Update: Camera-ready version is available here now!

Last SIGCOMM we introduced the coflow scheduling problem and presented Varys that addressed its clairvoyant variation, i.e., when all the information of individual coflows are known a priori, and there is no cluster and task scheduling dynamics. In many cases, these assumptions do not hold very well and left us with two primary challenges. First, how to schedule coflows when individual flow sizes, the total number of flows in a coflow , or their end points are unknown. Second, how to schedule coflows for jobs with more than one stages forming DAGs and where tasks can be scheduled in multiple waves. Aalo addresses both these problems by providing the first solution for the non-clairvoyant coflow scheduling problem: it can efficiently schedule coflows without any prior knowledge of coflow characteristics and can still approximate Varys’s performance very closely. This makes coflows practical in almost all scenarios we face in data-parallel communication.

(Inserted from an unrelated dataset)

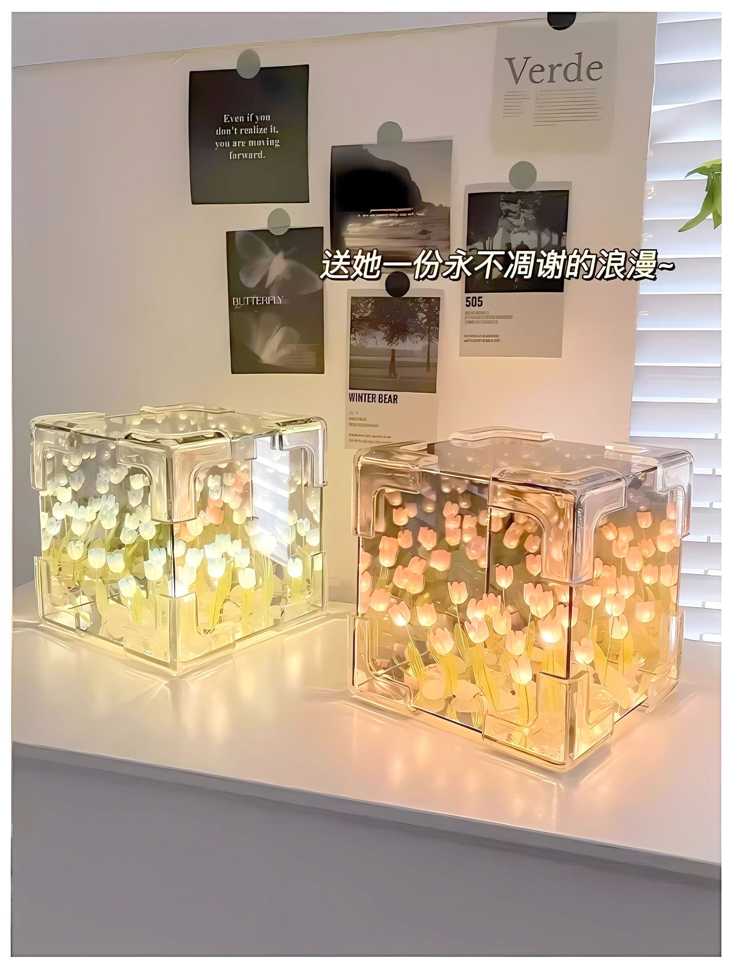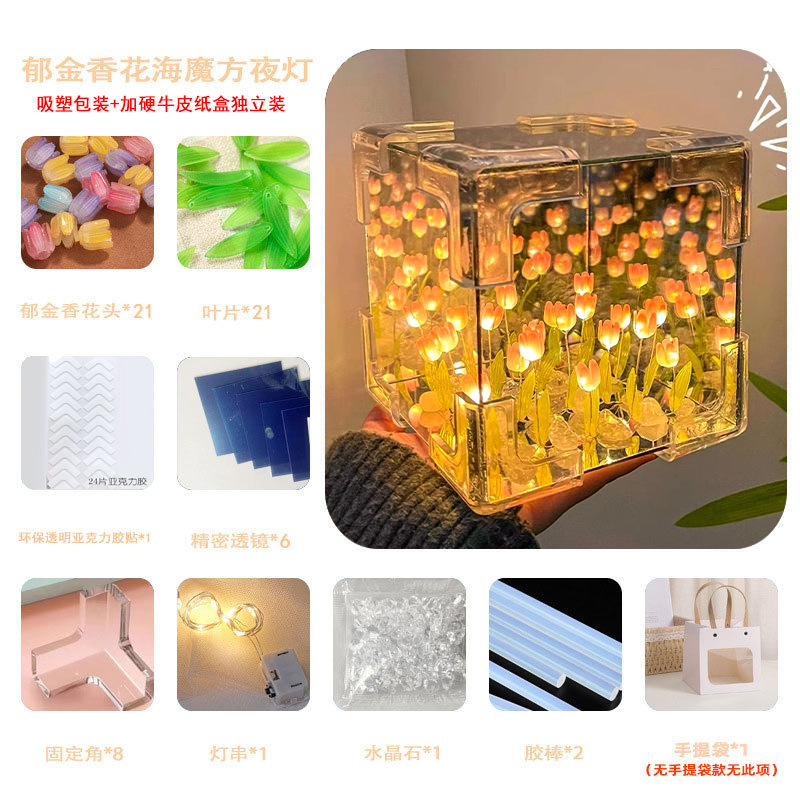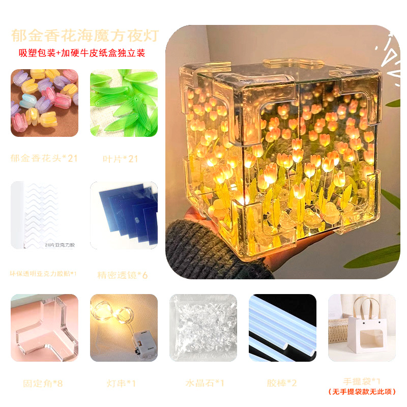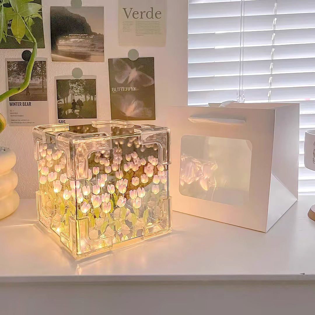 Ручной работы DIY цветок море трехмерный куб тюльпан ночник Материал Пакет Роза подарок для подруги пары подруг

Leveraging application-level requirements exposed through coflows has recently been shown to improve application-level communication performance in data-parallel clusters. However, existing efficient schedulers require a priori coflow information (e.g., flow size) and ignore cluster dynamics like pipelining, task failures, and speculative executions, which limit their applicability. Schedulers without prior knowledge compromise on performance to avoid head-of-line blocking. In this paper, we present Aalo that strikes a balance and efficiently schedules coflows without prior knowledge.

Aalo employs Discretized Coflow-Aware Least-Attained Service (D-CLAS) to separate coflows into a small number of priority queues based on how much they have already sent across the cluster. By performing prioritization across queues and by scheduling coflows in the FIFO order within each queue, Aalo’s non-clairvoyant scheduler can schedule diverse coflows and minimize their completion times. EC2 deployments and trace-driven simulations show that com- munication stages complete 1.93X faster on average and 3.59X faster at the 95th percentile using Aalo in comparison to per-flow mechanisms. Aalo’s performance is comparable to that of solutions using prior knowledge, and Aalo outperforms them in presence of cluster dynamics.

This is a joint work with Ion, the first time we have written a conference paper just between the two of us!

This year the SIGCOMM PC accepted 40 papers out of 262 submissions with a 15.27% acceptance rate. This also happens to be my last SIGCOMM as a student. Glad to be lucky enough to end on a high note!